Again, exactly as what would happen in a 2-3 tree. So, let's do a demo of

constructing the red-black BST from our standard set of keys. So, we start with a

single key. Now, if we want to insert E, if it goes to the left, that's fine.

That's a legal left-leaning red-black tree. A would go to the left of E two

lefts in a row so we have to rotate that to right. And then we have to flip the

colors. And that's a legal red-black BST. So now, if we insert R into this one then

it goes on a red link to the left of X, S and that's fine, it's a red-black BST. And

now, if we insert C into this one, it goes less than E, greater than A it's a red

link connecting A and C but it's leaning the wrong way. So, we have to do a left

rotation, legal-red black BST. And you want to insert h that goes to the left of

R, two reds in a row, rotate the top. Rotate the top, our temporary four node is

balanced, flip colors. Now, we have a three node, but the red link is leaning

right so we have to rotate. And now, we have a legal red-block BST. Insert x into

that one that goes to the right of S, it's leaning the wrong way, rotate left. Insert

M into this one, goes to the right of h, leaning the wrong way, rotate left. Most

of the operations are simple ones like this happening at the bottom. Insert P,

that goes to the right of M that makes M a temporary four node that happens to be

balanced, so flip the colors. Flip the colors, now we h ave a temporary four node

that's out of balance so we need a double rotation. First rotate E to make that link

point lean to the left, then rotate R to make the, bring the temporary four node

into balance. And then, flip the colors and that's a legal red-black BST. Insert L

into that one. It goes to the right of H, leading the wrong way rotate left. [cough]

And that's an example of building a red-black BST from our standard set of

keys. Now, we're ready to look at the implementation for, of the code for

inserting into a left-leaning red-black tree. And the key to understanding this

code is to realize that the same code, code handles all of the cases. And the way

that it works is we are always reducing one case to another. We get this most

complicated case we did a left rotate on the bottom node and that, that transformed

it to this case where they're both leaning left.
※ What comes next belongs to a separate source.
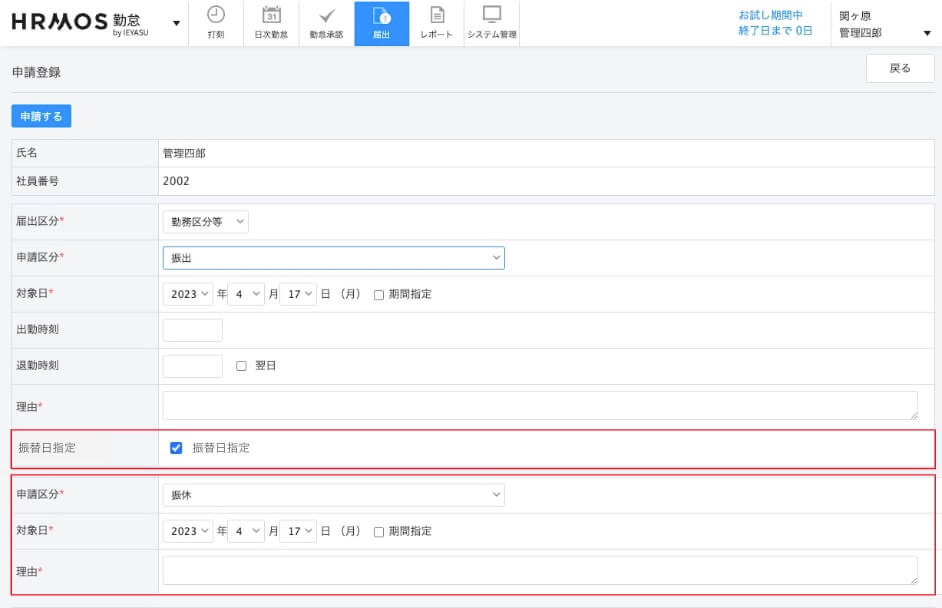- 振替出勤と振替休日の同時申請【リリース完了:2023年9月】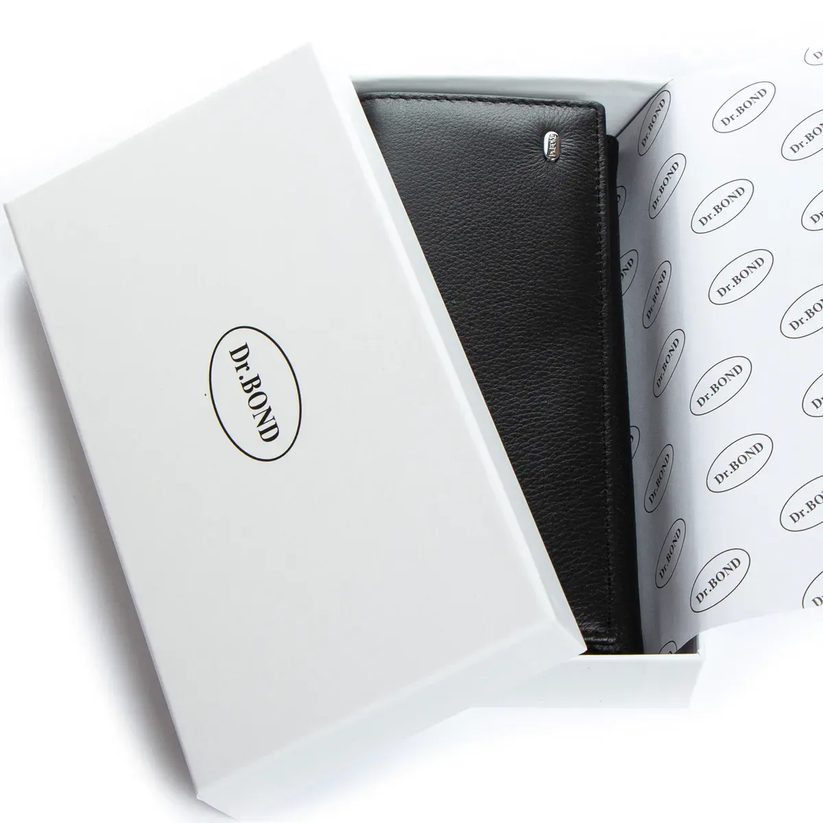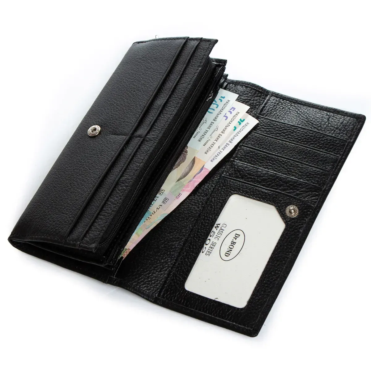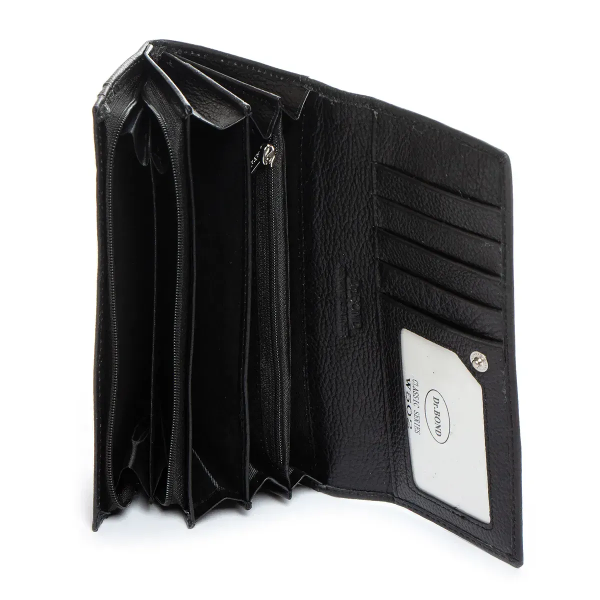 Великий полегшений жіночий гаманець DR. BOND. Виготовлений із натуральної м'якої шкіри з природною текстурою. Закривається кнопку. Усередині знаходяться 3 відкритих відділення для банкнот і одне подвійне відділення на блискавці, кишеня-монетниця на блискавці, велика відкрита кишеня та 9 кишень для карток та візиток. Зовні гаманця на звороті є кишеня на блискавці.

And then we did a right rotate on

the top node, and that transformed to the case where our temporary four node is

balanced. And then we flipped colors on that. So, for a particular insertion, we

can take advantage of this reduce one case to another by, in, in the way that we're

moving in the tree, not to get everything happen with just a, a few extra lines of

code in our standard binary search tree. So, in gray is our, standard insertion

code for binary search trees. And remember we took some pains to think about the

recursive implementation where when we go down a link we replace that link by

whatever the recursive routine gives us back and that strategy is going to pay off

in giving us a really simple code. [cough] and because in this implementation for

left-leaning red-black trees we're going to return the link whenever we're done,

and then that will get that link installed up in the node above whether it be left or

right. Typical implementations of red-black trees that do not use this

recursive strategy wind u p having lots of cases depending on whether left or right

or double rotate to the left or double rotate to the right can be critical of

this code because my own was this way for the first three editions of the book. And

it's only in this edition that we figured out how to make the code this simple.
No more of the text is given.